Ele poderia ter sido um Daniel ou um Zezé di Camargo. No fim dos anos 40, no entanto, ao ser chamado para o palco de mais um concurso de cantores infantis em um circo em Suzano (SP), Maurício de Souza mudou sua história. Vestido com um terninho elegante, de calças curtas, o menino de 12 anos grudou-se horrorizado à cadeira, apesar dos protestos da mãe. Foi o fim da sua precoce carreira de cantor, que frutificou nos anos de ouro do rádio no Brasil. Antes disso, aos 6 anos, Maurício de Souza já havia fracassado como engraxate no salão de barbeiro do pai, um poeta e compositor de sambas que havia sido de tudo na vida, até palhaço de circo.

Nascia o homem que deu vida aos 150 personagens mais bem sucedidos da indústria nacional de histórias em quadrinhos. O primeiro deles, o cachorro Bidu, foi criado quando Maurício ainda era repórter policial do jornal Folha da Manhã (hoje Folha de S. Paulo), em 1959, aos 24 anos. Depois vieram Piteco, Manezinho, Cascão, Titi, todos recebidos com descrédito. “As histórias em quadrinhos estrangeiras chegavam até nossos jornais tão baratas que as nacionais não tinham como concorrer”, afirma. Depois veio Mônica, seu primeiro personagem feminino, no começo dos anos 60, inspirada em sua primeira filha. “É fácil criar uma personagem se você a basear em alguém que conhece bem, e assim foi criada a Mônica, firme e decidida como a minha filha”, diz.

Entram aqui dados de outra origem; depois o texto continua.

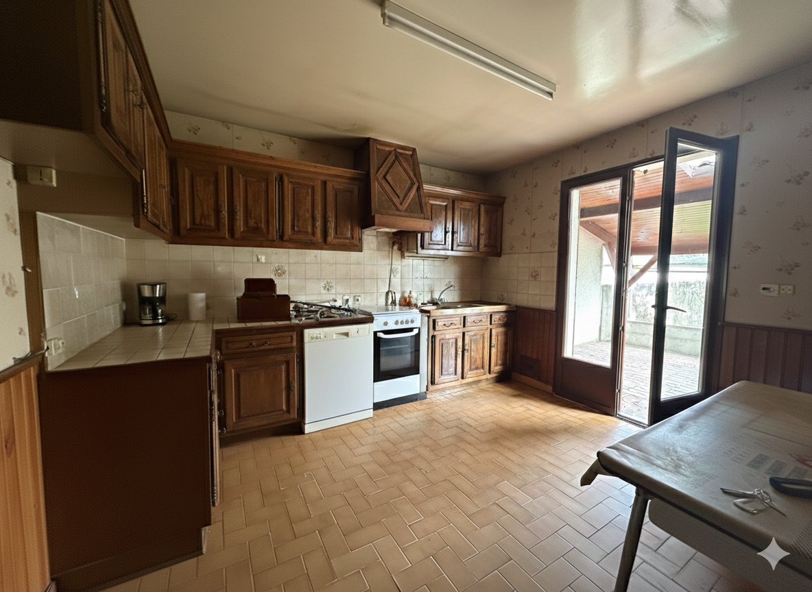 Elle se compose d'un séjour double de près de 35 m², offrant un espace convivial avec un coin salon et un coin salle à manger distincts, idéal pour recevoir. La maison dispose également d'une cuisine séparée.

Na foto (acima), feita no auditório da TV Excelsior, em 1965, Maurício, aos 30 anos, é entrevistado ao lado de Mônica, então com 5 anos, pela apresentadora Hebe Camargo. “A Hebe insistia que ela dissesse que gostava do Roberto Carlos, o maior vendedor de discos da época, mas a Mônica teimou que preferia o Ronnie Von”, lembra. “Brabinha como ela só, a Mônica arrastava mesmo pela casa um coelhão de pelúcia amarelo com recheio de palha.” Na entrevista, Mônica contou que acabara de ser atropelada. Diante da incredulidade de Hebe, ela levantou a saia e mostrou onde o carro havia batido. “Foi isso mesmo, mas o carro só encostou de leve no bumbum”, lembra o pai. Mônica cresceu, os dentões se normalizaram e hoje ela é diretora de comercialização da empresa Maurício de Souza Produções.

Preocupado com as comemorações dos 500 anos do descobrimento do Brasil, Maurício queria se engajar de forma paralela às festividades oficiais. “Mas não queria entrar só por entrar”, diz. No final de 1999, juntou-se ao irmão, Márcio Roberto, para criar um espetáculo de teatro com seus personagens. A peça Turma da Mônica Descobrindo o Brasil estreou no início do mês em São Paulo, no Parque da Mônica, e seguirá em turnê por Manaus, Belo Horizonte e Belém. Em Maceió, Recife e Rio de Janeiro, a Turma da Mônica vai aos shopping centers levar jogos, exposições e oficinas de criação. O material da peça foi transformado em CD, no qual Maurício narra a história da chegada das caravelas de Pedro Álvares Cabral a seus personagens. Tudo isso ao lado da filha Mônica. “O gênio dela continua o mesmo, a determinação idem”, afirma ele.